[Stored records]

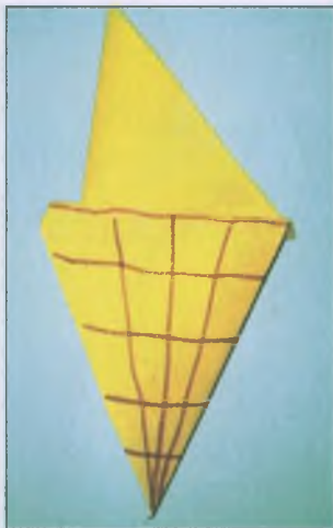
«Мороженое в стаканчике»
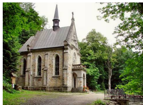
Pustelnia św. Jana

WYJAZD w dniu 15.06.2017 r. o godz. 6.00 z Placu Tysiąclecia (spod MOKSiR).
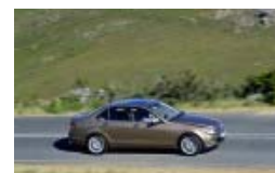
Mercedes Blue Efficiency
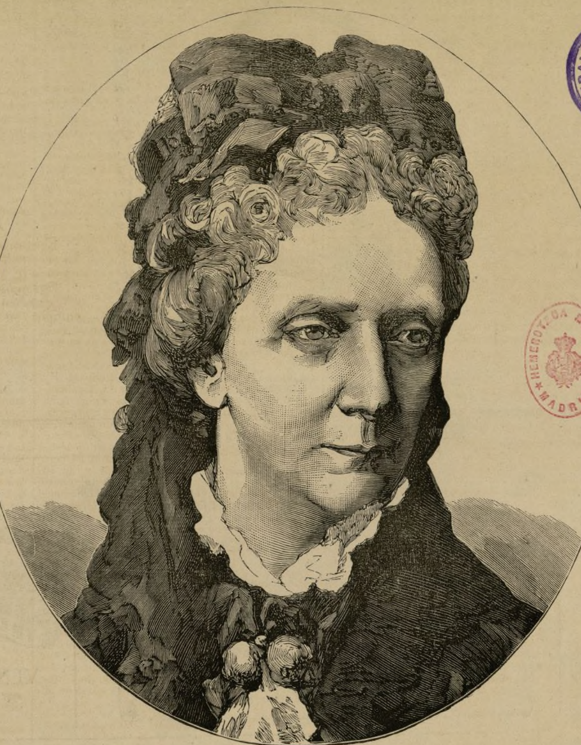
† LA EMPERATRIZ DE RUSIA

Un inglés aficionado á la estadística ha calculado últimamente que en la guerra que la Gran Bretaña sostiene contra los cafres del Afghanistan, cada indigena muerto por los invasores costaba á Inglaterra la suma de 125 libras esterlinas, ó sean unos 12.500 reales.

**Task requirements**
Find the line containing "Pustelnia św. Jana" in the records above, then copy it and every line after it exactly, through the last one, without any pictures.

**Task output**
Pustelnia św. Jana

WYJAZD w dniu 15.06.2017 r. o godz. 6.00 z Placu Tysiąclecia (spod MOKSiR).
Mercedes Blue Efficiency
† LA EMPERATRIZ DE RUSIA

Un inglés aficionado á la estadística ha calculado últimamente que en la guerra que la Gran Bretaña sostiene contra los cafres del Afghanistan, cada indigena muerto por los invasores costaba á Inglaterra la suma de 125 libras esterlinas, ó sean unos 12.500 reales.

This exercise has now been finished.